TASK ITEM
Give again only what runs from the line with "Lot of approx." to the final line of the entries below, exactly as written and without pictures.

Stored items

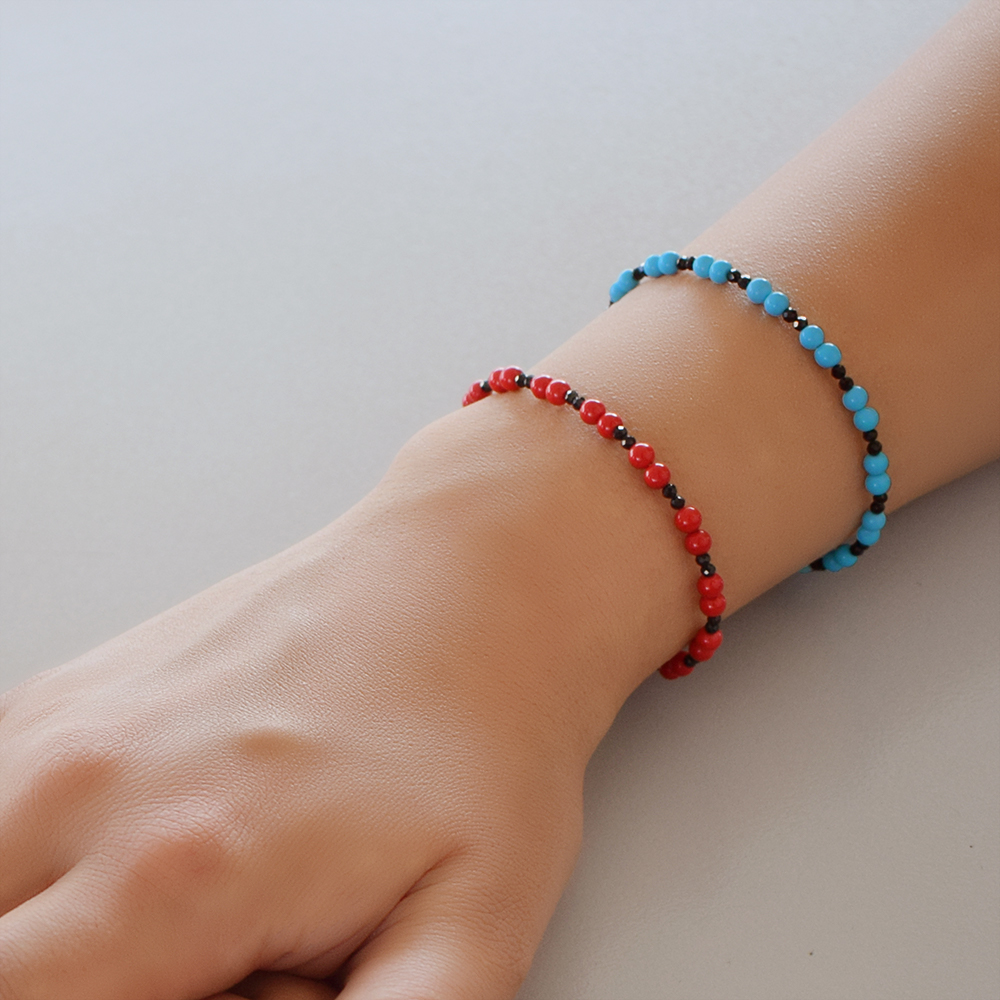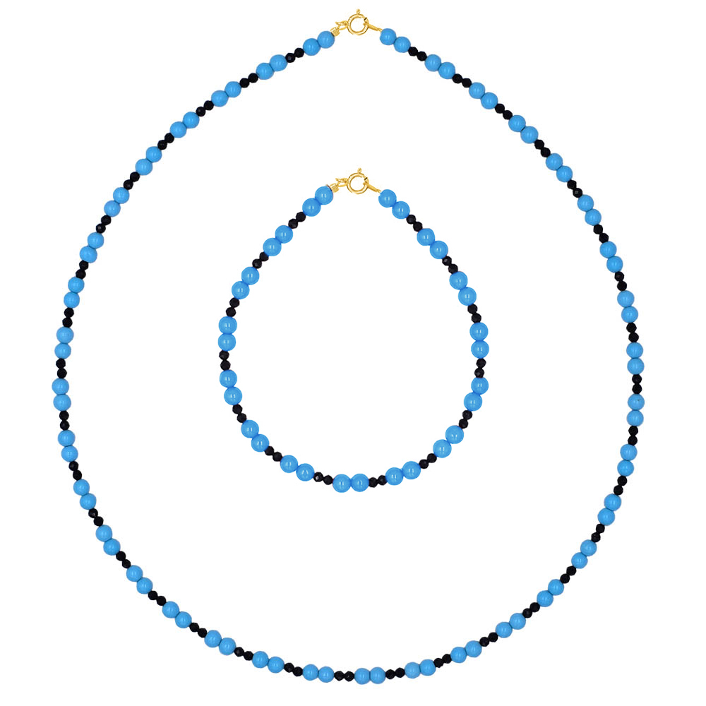 • Ένα υπέροχο βραχιόλι που αποτελείται από 30 τιρκουάζ διαμέτρου 4 - 4,5 χιλιοστών και 28 spinel 2 - 2,5 χιλιοστών.
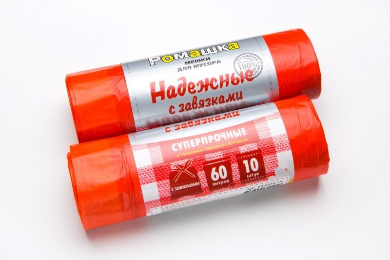 Мешок для мусора 60л рулон ПСД (59х69)-23 с завязками красные НАДЕЖНЫЕ 18,4г Ромашка (10шт) 1/24 купить в Санкт-Петербурге с доставкой оптом и в розницу
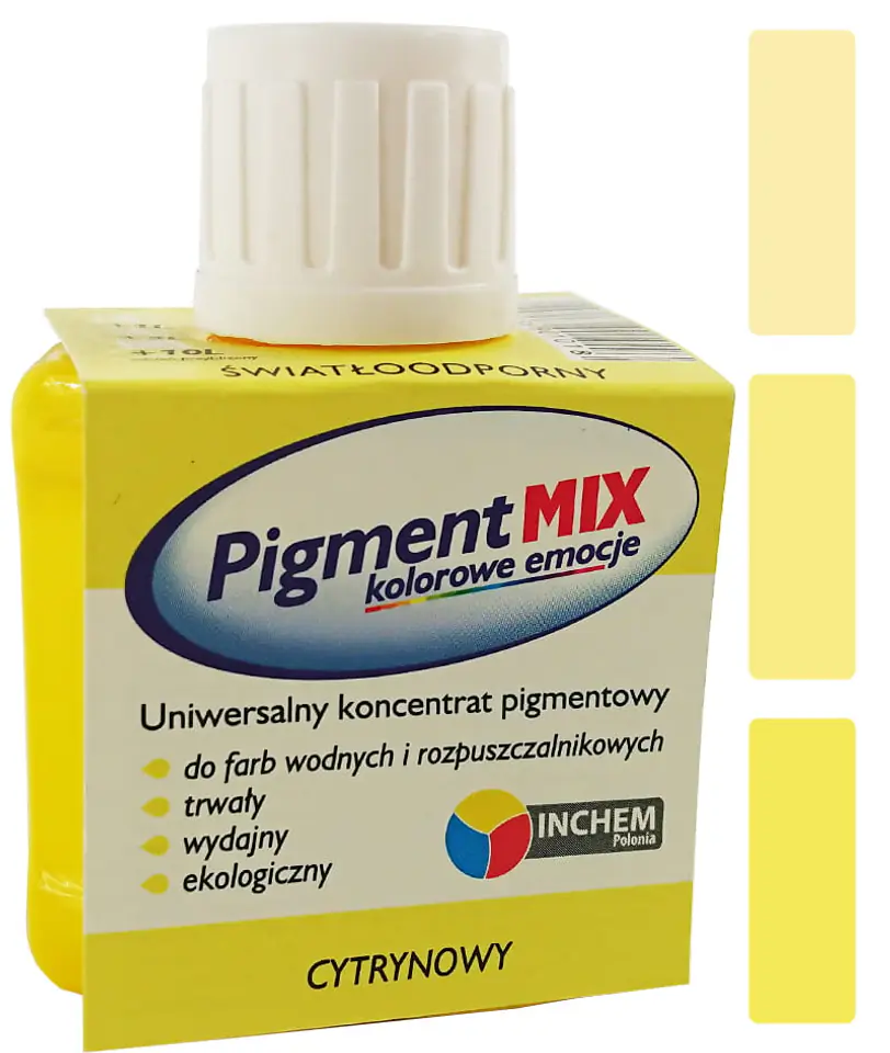 Uniwersalny koncentrat pigmentowy Inchem Pigment MIX. Nadaje się do stosowania z farbami wodnymi i rozpuszczalnikowymi. Produkt dostępny w 32 kolorach, które pozwalają na osiągnięcie praktycznie nieograniczonej ilości kolorów i odcieni, ponieważ można je ze sobą mieszać.
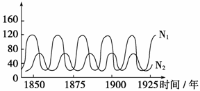 14. (09黄冈高三模拟)寒带针叶林中两个动物种群(N1、N2)的数量变化如图所示,据图判断这两个种群的关系是 ( )
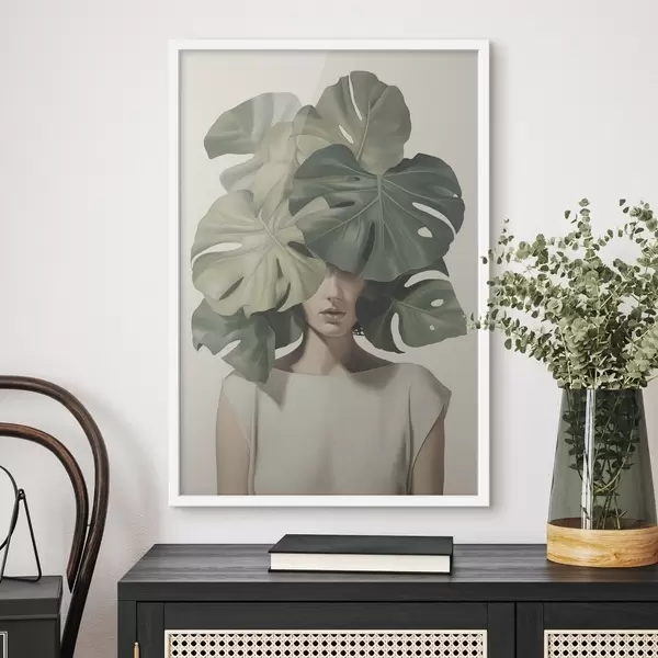 Poster Abstract portret van een meisje met monstera-bladeren Nr f47336
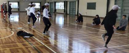 6年生が、体育科で、縄跳びをしていました。
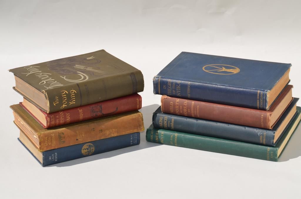 Lot of approx. 35 mostly hardback and out-of-print books on hunting in Africa and other exotic places from the personal library of the late Robert E. Petersen’s home in Beverly Hills, CA. From the estate of Robert E. Petersen. Est.: $300-$600.
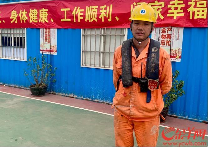 去年2月15日过完春节,78年出生、有着20多年工地施工经验的黄维俊一个人从四川泸州老家来到大湾区的深中通道海上平台,负责主墩平台上的水泥、轧钢筋工作安全监督。一干就是一整年,从没见过家人。
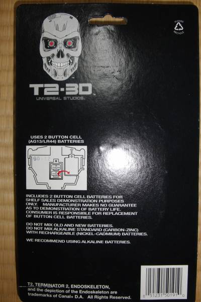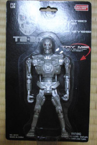 ターミネーターのエンドスケルトンのフィギュアになります。胸部のボタンを押すと目のライトが点灯するギミックがついています。台紙に英語でUNIVERSAL STUDIOSと記載されており、USJで販売していたもののようですが、詳しいことはわかりません。レトロな感じのするフィギュアで好みが分かれるのではないでしょうか。コレクション整理のため出品します。探していた方はいかがですか。何か質問があれば遠慮なくどうぞ。ノークレーム、ノーリターンでお願いします。発送は仕事の都合上、クロネコヤマトの送料着払いのみとさせていただきます。
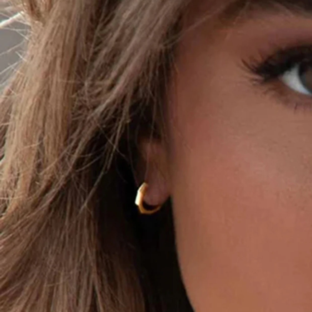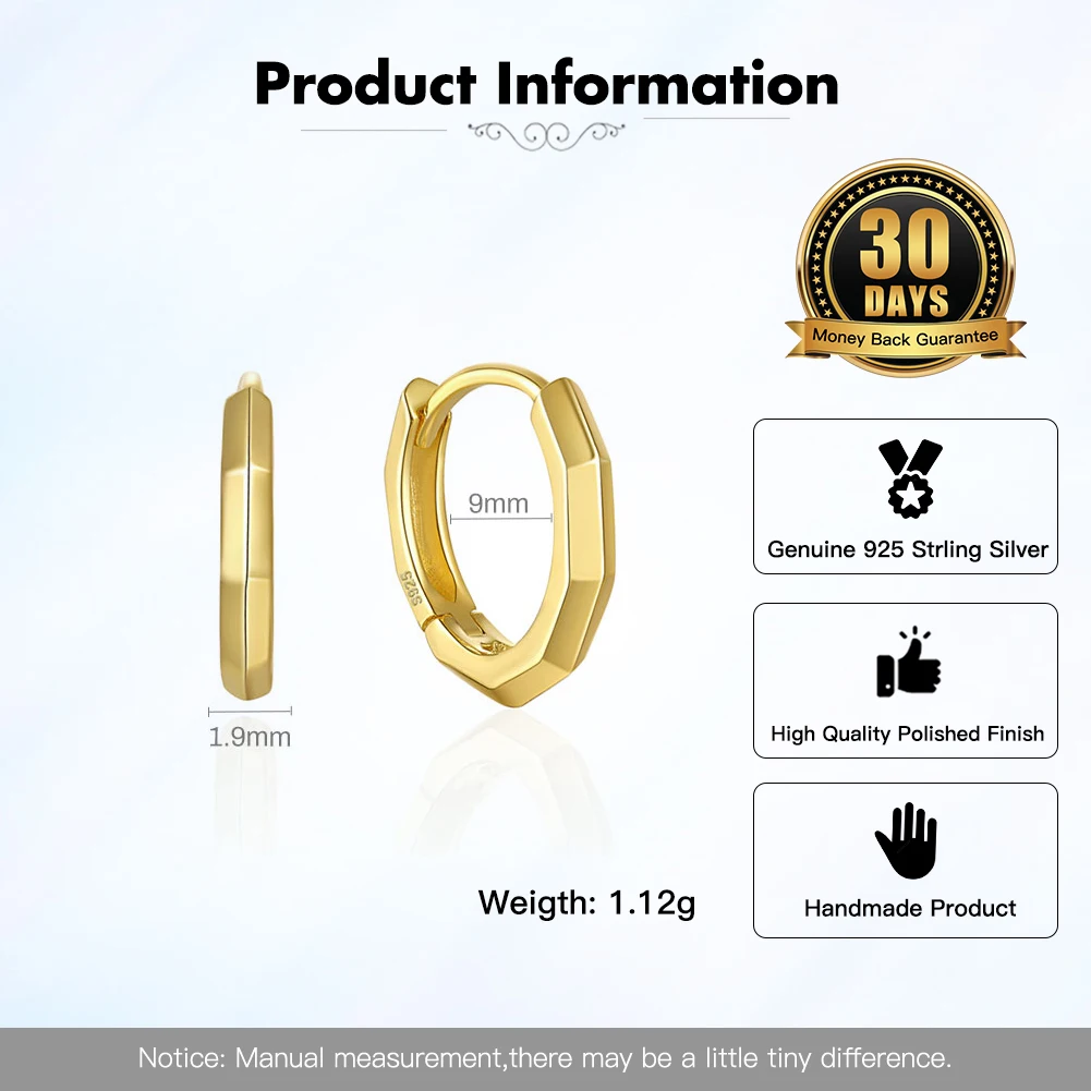 RINNTIN APE91 Fine Jewelry Minimalism 925 Sterling Silver Earrings 14K Gold Plated Huggie Hoop Earrings
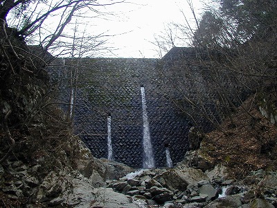 せまい場所とはいえ、40m幅ある沢の中に30m近くの高さを持ち、放水口が中段下部に5〜6個もあり、それぞれの口から勢いよく水が噴き出す。
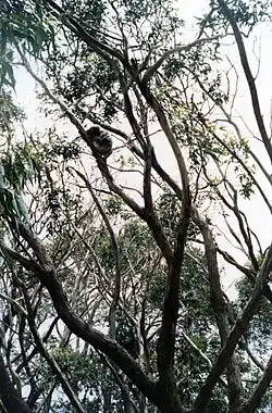 Flinders Chase National Park, at the far west of the island, was set up in the early 20th-century as a habitat for Australian mammals and birds whose survival on the mainland was threatened, especially from foxes and rabbits, from which the island is free. In 1923 six "native bears", as the koala was then popularly known, were donated by the National Park of Victoria, Wilson's Promontory,[38] and taken across to KI on the Karatta in November 1923 by three members of the Fauna and Flora Board: J. C. Marshall, professors T. G. Osborn and Wood Jones, and Edgar R. Waite, director of the Adelaide Museum.[39] Another six pair, with young, were released by the board in 1925.[40][a] The population grew steadily: in 1934 researchers located several with difficulty,[43] living on Eucalyptus ovata and the yellow gum E. leucoxylon; in 1943 a census found nearly 300,[44] and in 1949 another team saw 18 full-grown adults in a quarter of a mile (some (400 m), living on manna gums, pink gums (E. fasciculosa), and water gums.[45]

ANSWER BOX
 Lot of approx. 35 mostly hardback and out-of-print books on hunting in Africa and other exotic places from the personal library of the late Robert E. Petersen’s home in Beverly Hills, CA. From the estate of Robert E. Petersen. Est.: $300-$600.
 去年2月15日过完春节,78年出生、有着20多年工地施工经验的黄维俊一个人从四川泸州老家来到大湾区的深中通道海上平台,负责主墩平台上的水泥、轧钢筋工作安全监督。一干就是一整年,从没见过家人。
 ターミネーターのエンドスケルトンのフィギュアになります。胸部のボタンを押すと目のライトが点灯するギミックがついています。台紙に英語でUNIVERSAL STUDIOSと記載されており、USJで販売していたもののようですが、詳しいことはわかりません。レトロな感じのするフィギュアで好みが分かれるのではないでしょうか。コレクション整理のため出品します。探していた方はいかがですか。何か質問があれば遠慮なくどうぞ。ノークレーム、ノーリターンでお願いします。発送は仕事の都合上、クロネコヤマトの送料着払いのみとさせていただきます。
 RINNTIN APE91 Fine Jewelry Minimalism 925 Sterling Silver Earrings 14K Gold Plated Huggie Hoop Earrings
 せまい場所とはいえ、40m幅ある沢の中に30m近くの高さを持ち、放水口が中段下部に5〜6個もあり、それぞれの口から勢いよく水が噴き出す。
 Flinders Chase National Park, at the far west of the island, was set up in the early 20th-century as a habitat for Australian mammals and birds whose survival on the mainland was threatened, especially from foxes and rabbits, from which the island is free. In 1923 six "native bears", as the koala was then popularly known, were donated by the National Park of Victoria, Wilson's Promontory,[38] and taken across to KI on the Karatta in November 1923 by three members of the Fauna and Flora Board: J. C. Marshall, professors T. G. Osborn and Wood Jones, and Edgar R. Waite, director of the Adelaide Museum.[39] Another six pair, with young, were released by the board in 1925.[40][a] The population grew steadily: in 1934 researchers located several with difficulty,[43] living on Eucalyptus ovata and the yellow gum E. leucoxylon; in 1943 a census found nearly 300,[44] and in 1949 another team saw 18 full-grown adults in a quarter of a mile (some (400 m), living on manna gums, pink gums (E. fasciculosa), and water gums.[45]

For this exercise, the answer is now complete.